* [EXERCISE BRIEF]
Transcribe each line of the records below exactly, excluding any embedded images.

* [Stored data]
_ _ _ _ _
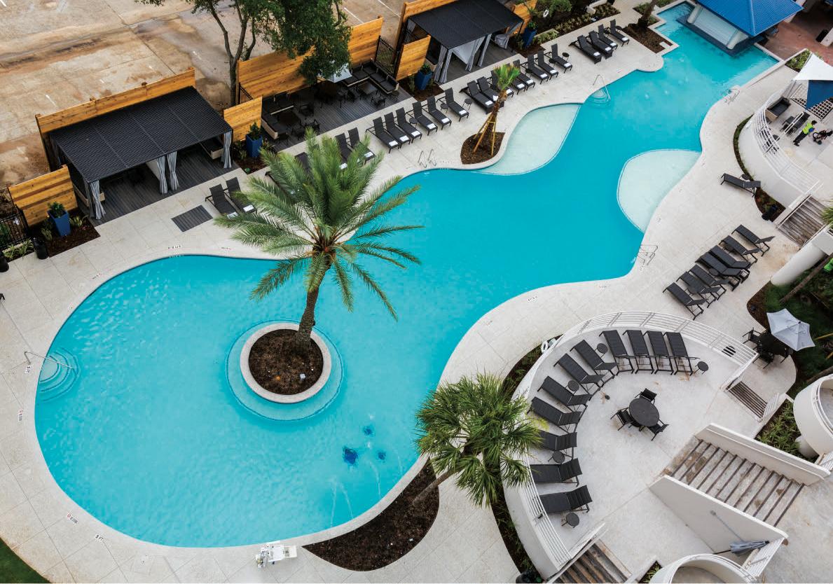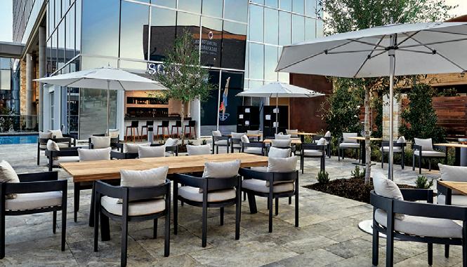meet ing space. Within a block of the hotel is the Toyota Music Factory complex. At the complex, attendees will find multiple restaurant and bar options. Entertainment includes live local music and international touring acts. At the hotel, outdoor activities for attendees are right beyond the rooms. “The spacious courtyards offer a space for guests to gather around the fire pit or enjoy live music and connect outside of the office,” Alonso says.
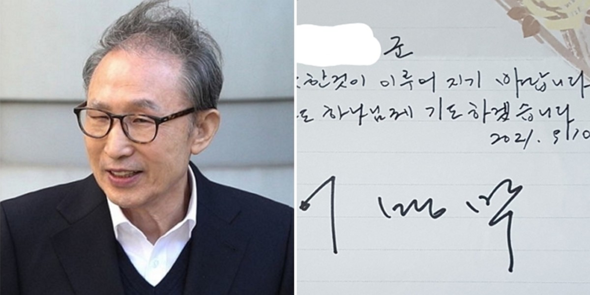 이 전 대통령은 편지에 "뜻한 것이 이루어지기 바랍니다. 나도 하나님께 기도하겠습니다"라고 적었다.
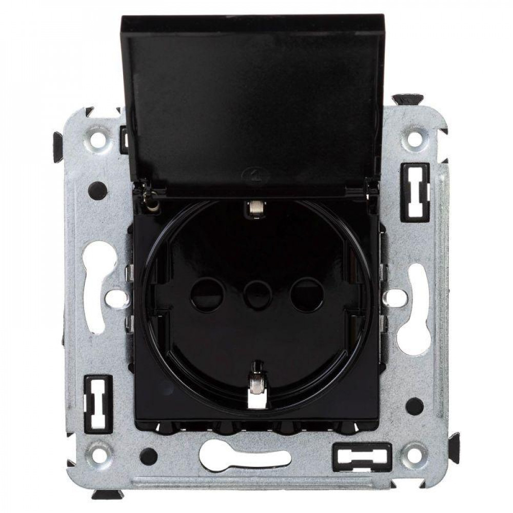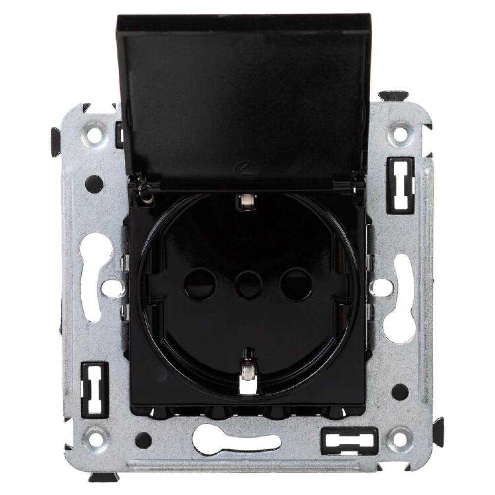 Розетка с крышкой в стену, 2P+E, с з/ш, "Avanti", "Черный квадрат" 4402013, Розетка для монтажа в кабель-канал
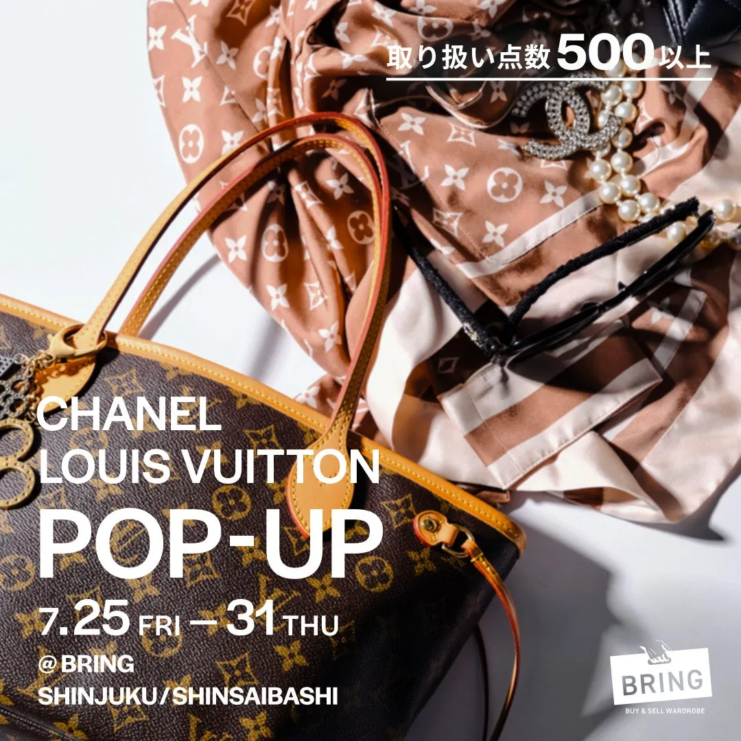 このポップアップイベントの正式名称は「CHANEL・LOUIS VUITTON 期間限定POPUP イベント」です。実施期間は2025年7月25日(金)から7月31日(木)までの7日間で、イベント対象店舗はBRING新宿店とBRING心斎橋店となっています。多くの方々にお越しいただきたいと思い、イベント期間中は店内の商品全てがCHANEL・LOUIS VUITTONのアイテムのみとなります。
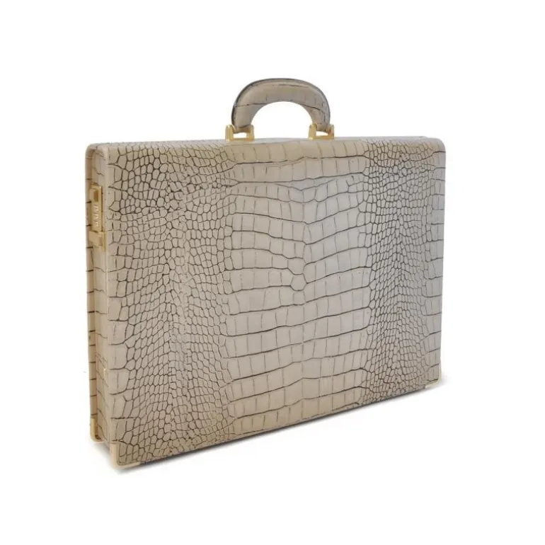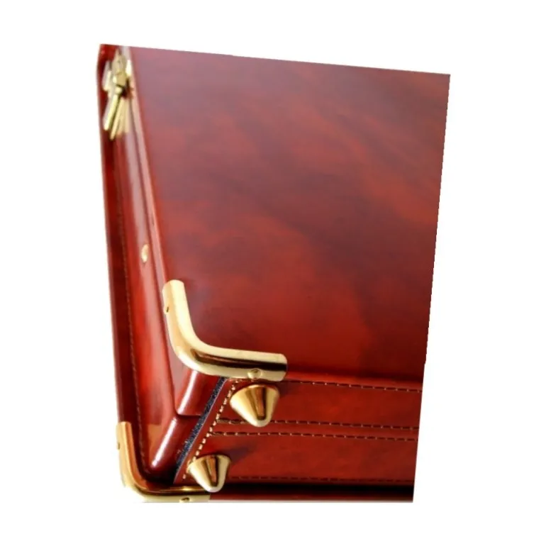 Walizka 24H została wykonana ze skóry szlachetnej garbowanej roślinnie i farbowanej ręcznie. Wewnątrz komora na dokumenty przedzielona, kieszonka na telefon komórkowy, szlufki na długopisy i kieszonka na wizytówki. Zamknięcie na kombinacje numeryczne z mosiądzu umieszczone po bokach, co nadaje walizce elegancki wygląd. W wyposażeniu bawełniany worek.
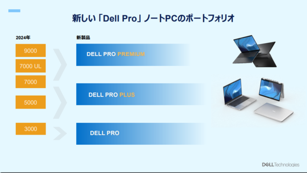 製品カテゴリーは「Dell」、「Dell Pro」、「Dell Pro Max」となり、ノートPCでは、それぞれ「無印」(Base)、「Plus」、「Premium」の3ラインを持ち、合計で9シリーズとなる。
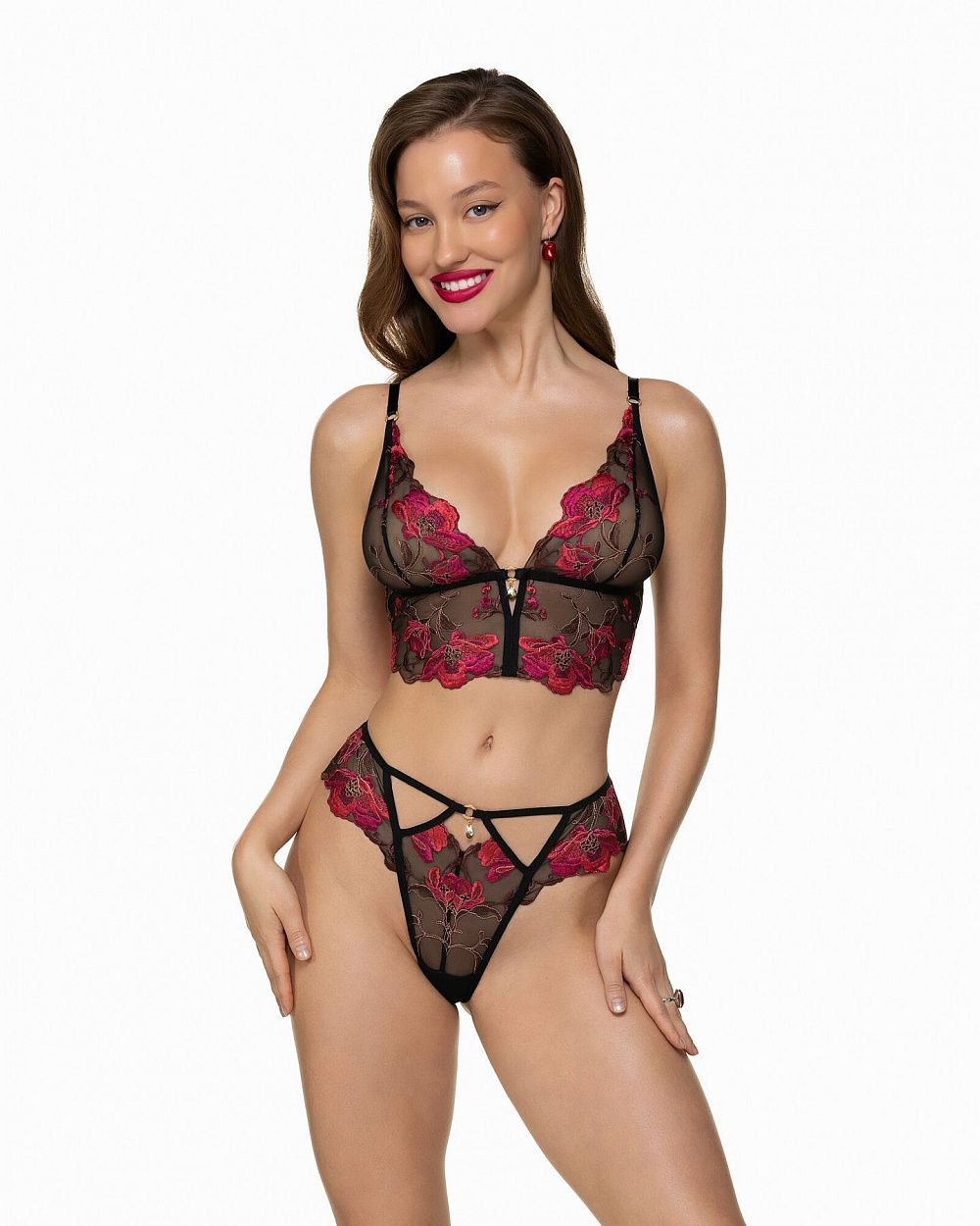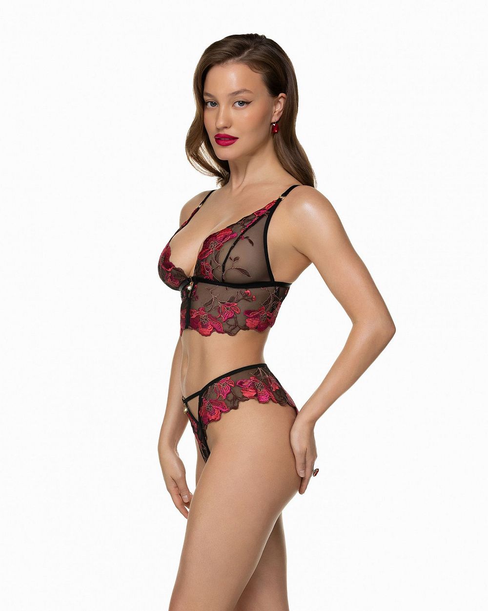 Алые маки на передней панели выглядят как объёмный рисунок на коже, формируя цельный образ в сочетании с бюстгальтером и бралеттом из коллекции. Состав: 100% Полиэстер
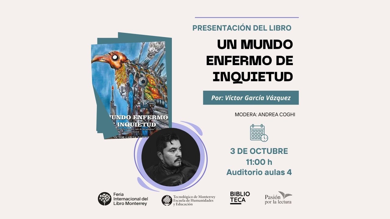 Pasión por la lectura en conjunto con BiblioTEC y Feria Internacional del Libro Monterrey les comparten la presentación del libro "Un mundo enfermo de inquietud" de Víctor García Vázquez.
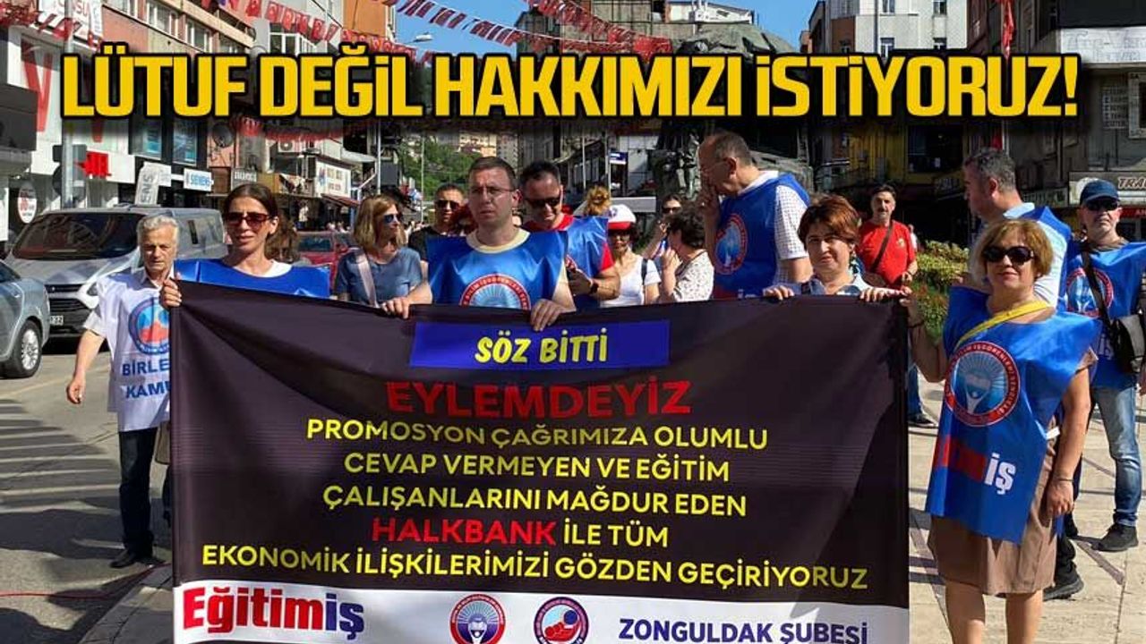 Madenci Anıtı'nda toplanan Eğitim İş Sendikası üyeleri, promosyonda istediklerini alamadıkları ve eğitim çalışanlarını mağdur ettiği gerekçesiyle Halk Bankası ile bütün ilişkilerini kestiklerini ifade ettiler.
_ _ _ _ _
* [YOUR SOLUTION]
meet ing space. Within a block of the hotel is the Toyota Music Factory complex. At the complex, attendees will find multiple restaurant and bar options. Entertainment includes live local music and international touring acts. At the hotel, outdoor activities for attendees are right beyond the rooms. “The spacious courtyards offer a space for guests to gather around the fire pit or enjoy live music and connect outside of the office,” Alonso says.
 이 전 대통령은 편지에 "뜻한 것이 이루어지기 바랍니다. 나도 하나님께 기도하겠습니다"라고 적었다.
 Розетка с крышкой в стену, 2P+E, с з/ш, "Avanti", "Черный квадрат" 4402013, Розетка для монтажа в кабель-канал
 このポップアップイベントの正式名称は「CHANEL・LOUIS VUITTON 期間限定POPUP イベント」です。実施期間は2025年7月25日(金)から7月31日(木)までの7日間で、イベント対象店舗はBRING新宿店とBRING心斎橋店となっています。多くの方々にお越しいただきたいと思い、イベント期間中は店内の商品全てがCHANEL・LOUIS VUITTONのアイテムのみとなります。
 Walizka 24H została wykonana ze skóry szlachetnej garbowanej roślinnie i farbowanej ręcznie. Wewnątrz komora na dokumenty przedzielona, kieszonka na telefon komórkowy, szlufki na długopisy i kieszonka na wizytówki. Zamknięcie na kombinacje numeryczne z mosiądzu umieszczone po bokach, co nadaje walizce elegancki wygląd. W wyposażeniu bawełniany worek.
 製品カテゴリーは「Dell」、「Dell Pro」、「Dell Pro Max」となり、ノートPCでは、それぞれ「無印」(Base)、「Plus」、「Premium」の3ラインを持ち、合計で9シリーズとなる。
 Алые маки на передней панели выглядят как объёмный рисунок на коже, формируя цельный образ в сочетании с бюстгальтером и бралеттом из коллекции. Состав: 100% Полиэстер
 Pasión por la lectura en conjunto con BiblioTEC y Feria Internacional del Libro Monterrey les comparten la presentación del libro "Un mundo enfermo de inquietud" de Víctor García Vázquez.
 Madenci Anıtı'nda toplanan Eğitim İş Sendikası üyeleri, promosyonda istediklerini alamadıkları ve eğitim çalışanlarını mağdur ettiği gerekçesiyle Halk Bankası ile bütün ilişkilerini kestiklerini ifade ettiler.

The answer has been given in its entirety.